# INSTRUCTIONS FOR THE TASK
In the records below, find the line with "新工字运动背心女夏季轻簿印花宽松瑜伽服罩衫跑步马拉松无袖上衣", then retype it and every following line exactly, stopping after the line with "A QR code for". Leave the pictures out.

Top of EXCERPTED RECORDS

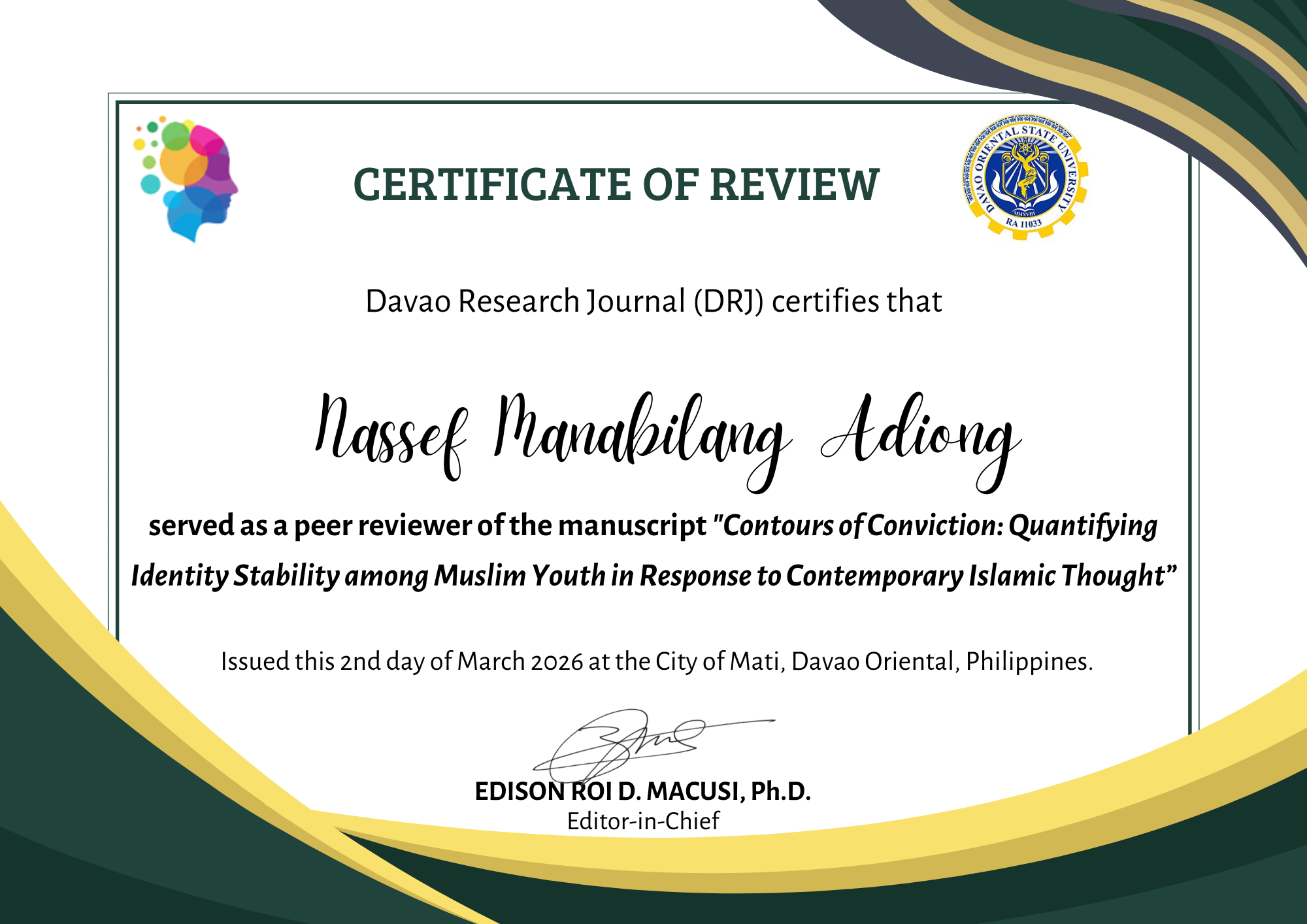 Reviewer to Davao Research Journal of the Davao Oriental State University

Bottom of EXCERPTED RECORDS
Top of EXCERPTED RECORDS

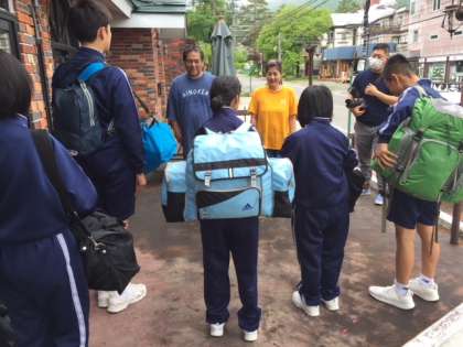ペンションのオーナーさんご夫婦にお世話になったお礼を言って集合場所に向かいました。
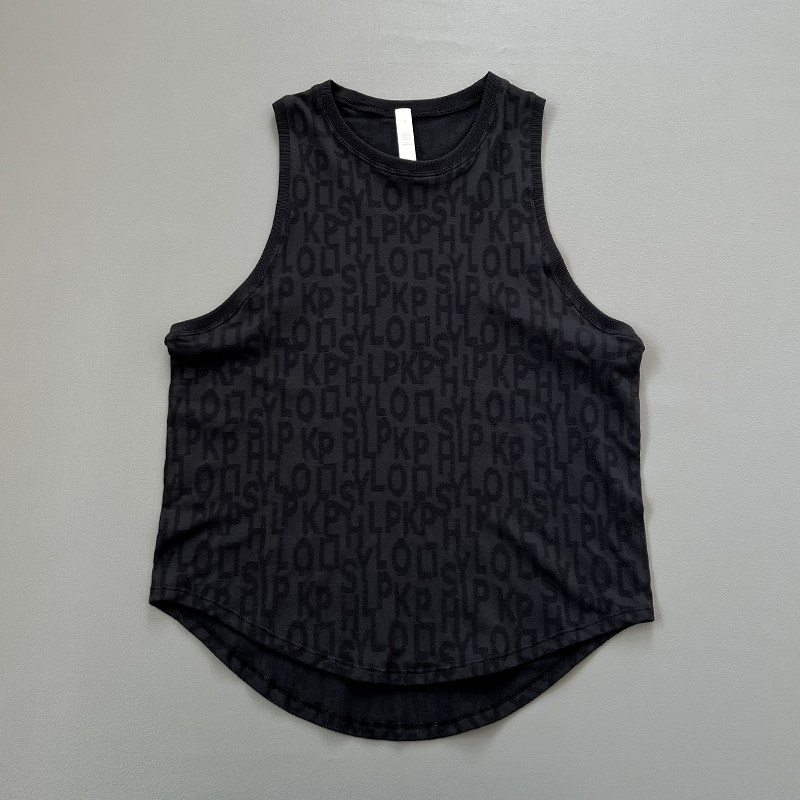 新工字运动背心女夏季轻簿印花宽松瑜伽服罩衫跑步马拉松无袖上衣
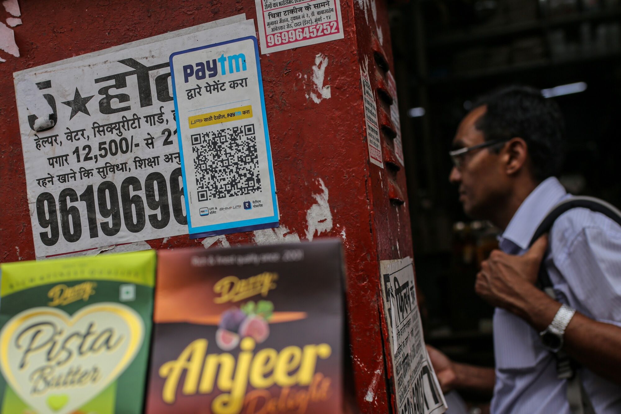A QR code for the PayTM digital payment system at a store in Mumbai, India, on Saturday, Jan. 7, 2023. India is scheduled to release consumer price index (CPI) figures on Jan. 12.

Bottom of EXCERPTED RECORDS
Top of EXCERPTED RECORDS

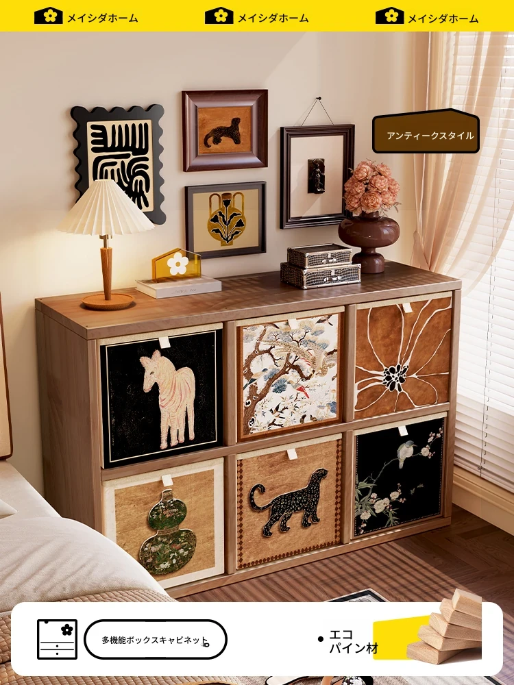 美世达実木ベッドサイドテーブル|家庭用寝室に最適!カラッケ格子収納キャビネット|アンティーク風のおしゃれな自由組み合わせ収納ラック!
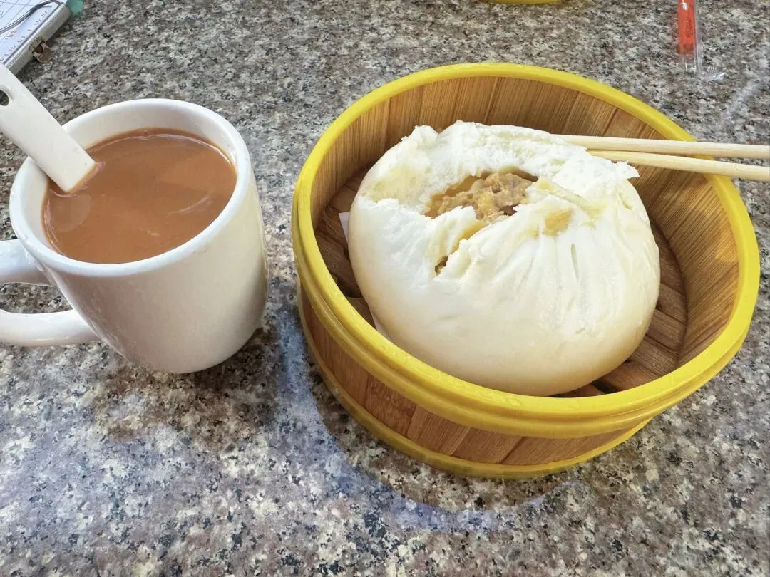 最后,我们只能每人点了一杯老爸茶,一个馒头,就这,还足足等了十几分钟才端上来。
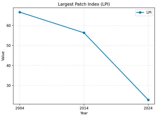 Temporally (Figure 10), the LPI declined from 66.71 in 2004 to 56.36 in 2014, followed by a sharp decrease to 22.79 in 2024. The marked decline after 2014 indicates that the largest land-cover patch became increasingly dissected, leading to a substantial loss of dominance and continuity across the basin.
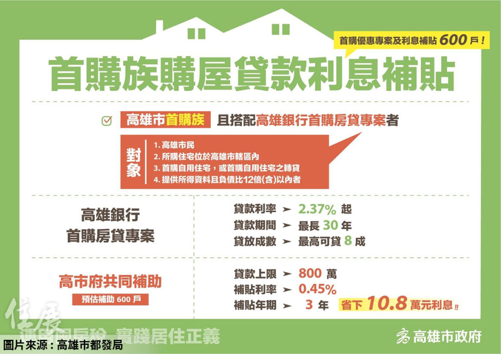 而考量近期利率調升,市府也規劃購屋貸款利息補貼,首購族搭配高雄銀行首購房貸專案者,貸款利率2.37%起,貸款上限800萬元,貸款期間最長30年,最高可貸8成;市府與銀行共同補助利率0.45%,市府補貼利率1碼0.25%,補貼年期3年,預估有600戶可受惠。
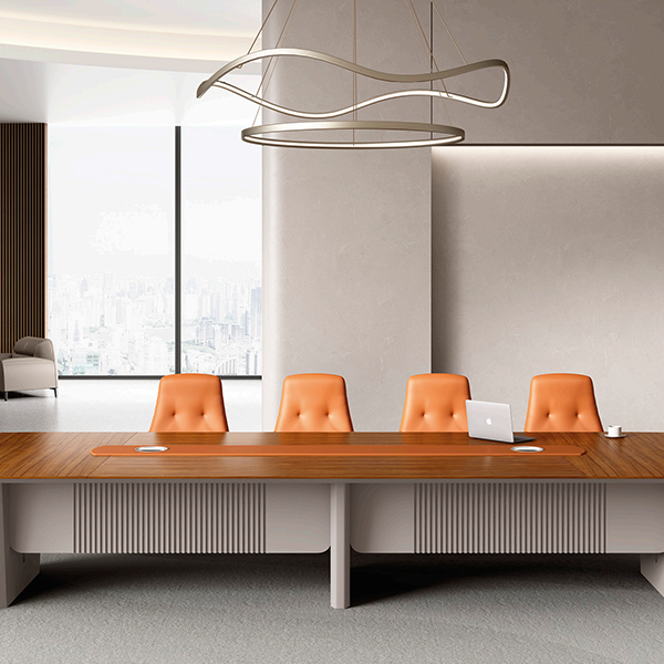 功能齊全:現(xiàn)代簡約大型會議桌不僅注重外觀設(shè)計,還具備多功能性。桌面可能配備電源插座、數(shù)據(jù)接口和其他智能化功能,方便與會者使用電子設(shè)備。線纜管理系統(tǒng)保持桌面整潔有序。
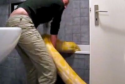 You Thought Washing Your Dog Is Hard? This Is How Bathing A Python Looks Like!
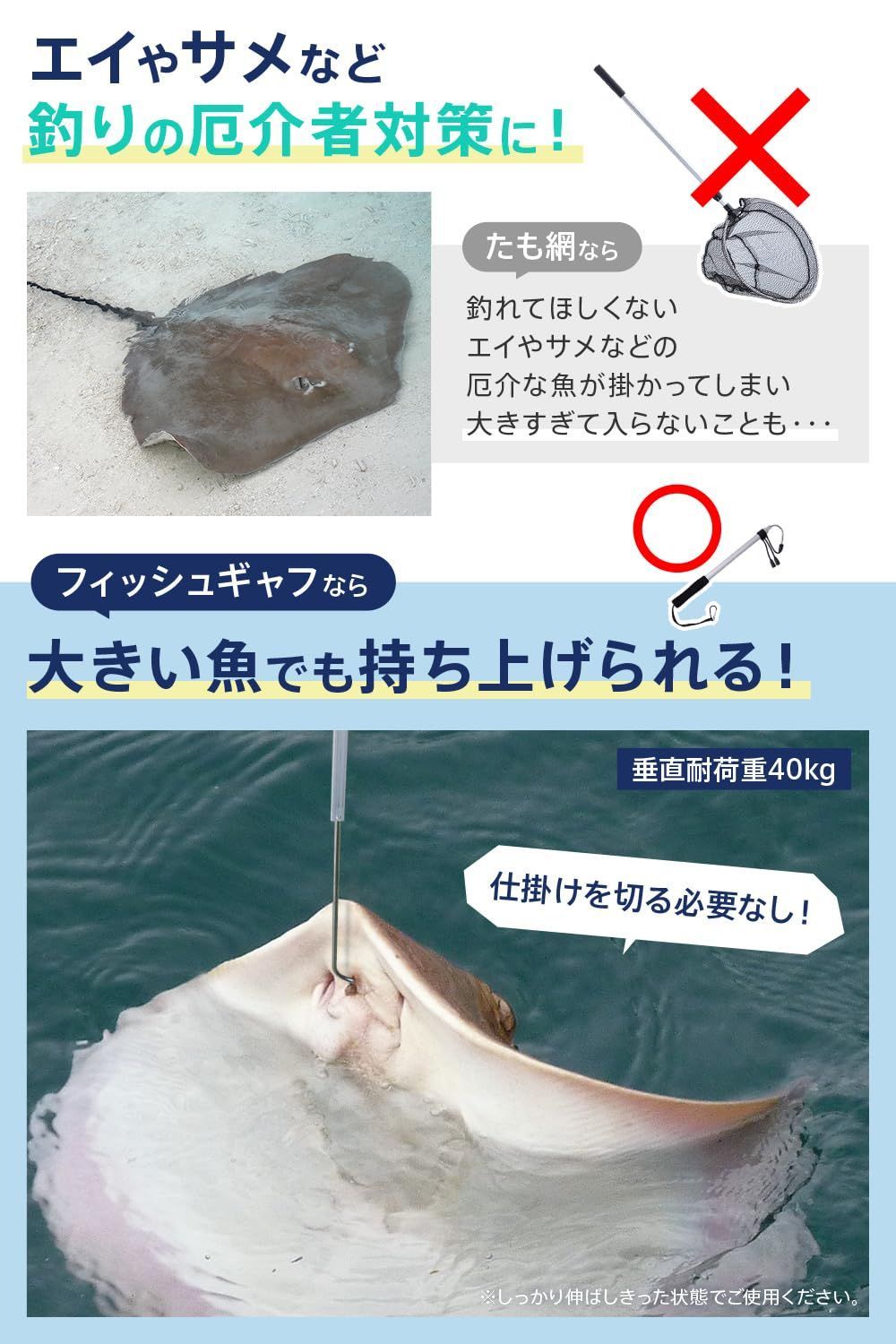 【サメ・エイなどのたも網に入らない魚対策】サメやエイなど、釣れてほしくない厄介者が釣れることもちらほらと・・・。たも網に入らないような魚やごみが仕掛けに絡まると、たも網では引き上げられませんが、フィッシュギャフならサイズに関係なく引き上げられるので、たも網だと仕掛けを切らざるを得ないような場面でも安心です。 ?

Bottom of EXCERPTED RECORDS

# RESPONSE TO THE TASK
 新工字运动背心女夏季轻簿印花宽松瑜伽服罩衫跑步马拉松无袖上衣
A QR code for the PayTM digital payment system at a store in Mumbai, India, on Saturday, Jan. 7, 2023. India is scheduled to release consumer price index (CPI) figures on Jan. 12.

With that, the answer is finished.